Restaurant operating expenses decreased $1,202,000 (8.6%) for the
twenty-four weeks ended June 13, 2000 to $12,783,000 from $13,985,000 in the
twenty-four weeks ended June 15, 1999, and decreased as a percentage of net
sales to 49.8% from 51.5 %. This decrease is attributable to lower labor costs
(6.5%) resulting from improved controls at the restaurant level, lower
advertising costs (0.6%), and lower administrative costs (0.3%), offset by
higher occupancy costs (0.6%) and other operating expenses (2.0%) including
maintenance costs and higher costs associated with recruiting and training new
managers.
Depreciation and amortization increased $5,000 (0.3%) for the twenty-four
weeks ended June 13, 2000 to $1,663,000 from $1,658,000 in the twenty-four weeks
ended June 15, 1999, and increased as a percentage of sales to 6.6% from 6.1%.

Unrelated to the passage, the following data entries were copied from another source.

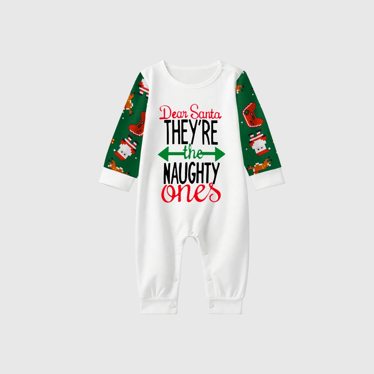 Dear Santa Naughty Ones Family Pajamas Set - White Top, Green Christmas Pattern Pants, Green Sleeves
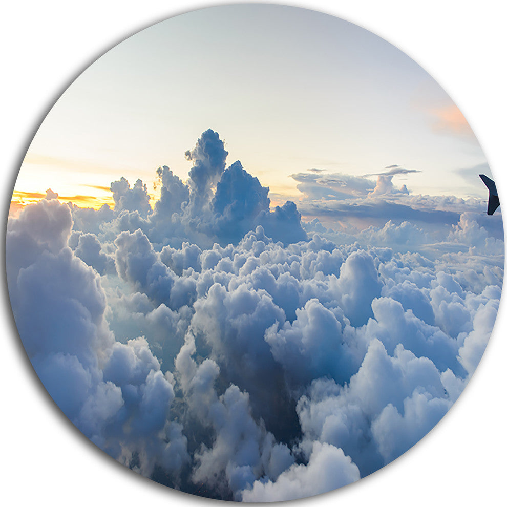 Light Blue Heavy Clouds In Sky, Landscape Disc Metal Artwork, 36"
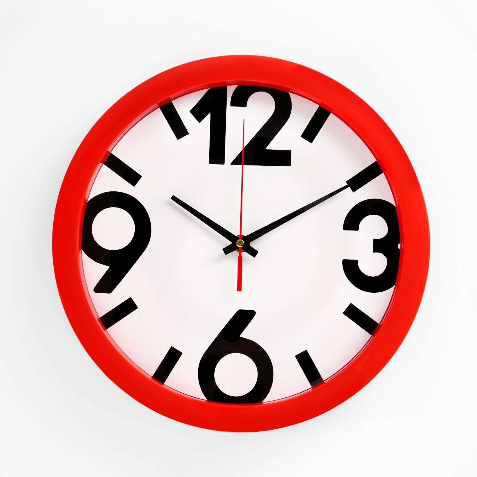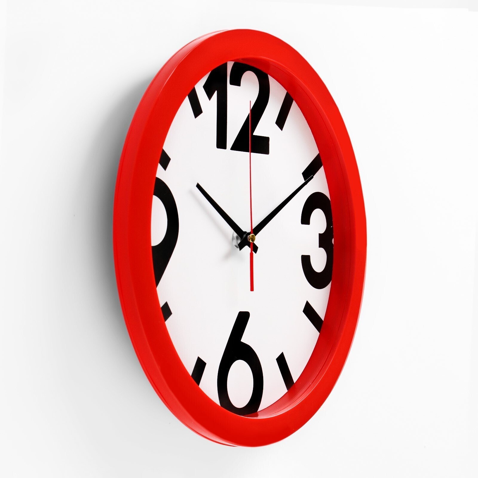Часы настенные, серия: Классика, плавный ход, d=28 см, красный обод
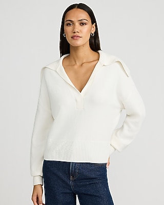 Ann Taylor Petite Collared Midi Sweater Dress Winter White Women's
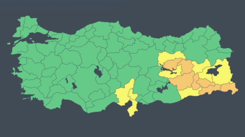 Gökgürültülü ve kuvvetli yağış beklenen Adana, Bitlis, Elazığ, Erzincan, Hatay, Mardin, Muş, Van, Osmaniye için 'sarı', Bingöl, Diyarbakır, Hakkari, Siirt, Tunceli, Batman ve Şırnak için 'turuncu' kodlu uyarıda bulunuldu.

This increase is due to the depreciation of five units opened during the first
quarter of 1999, offset by depreciation incurred in 1999 on two units closed
during the second and third quarters of 1999.
-9-
<PAGE>
General and administrative expenses decreased $35,000 (1.90%) for the
twenty-four weeks ended June 13, 2000 to $1,862,000 from $1,897,000 in the
twenty-four weeks ended June 15, 1999, and increased as a percentage of sales to
7.3% from 7.0%. Through February 28, 1999, certain accounting and administrative
services were contracted from Lone Star Steakhouse & Saloon, Inc. ("Lone Star"),
a restaurant company, of which the Company's former Chairman of the Board, Jamie
B. Coulter, is Chairman and CEO. The service agreement provided for specified
accounting and administrative services to be provided on a cost pass-through
basis. Through February 28, 1999, the fixed annual charge was $194,500, plus an
additional fee of $466 per restaurant per 28-day accounting period. Beginning
March 1, 1999, these services were provided by Franchise Services Company
("FSC") at a market rate.
Interest expense increased $20,000 for the twenty-four weeks ended June
13, 2000 to $492,000. This increase reflects a higher interest rate applicable
to the revolving note payable in the current year compared with the prior year.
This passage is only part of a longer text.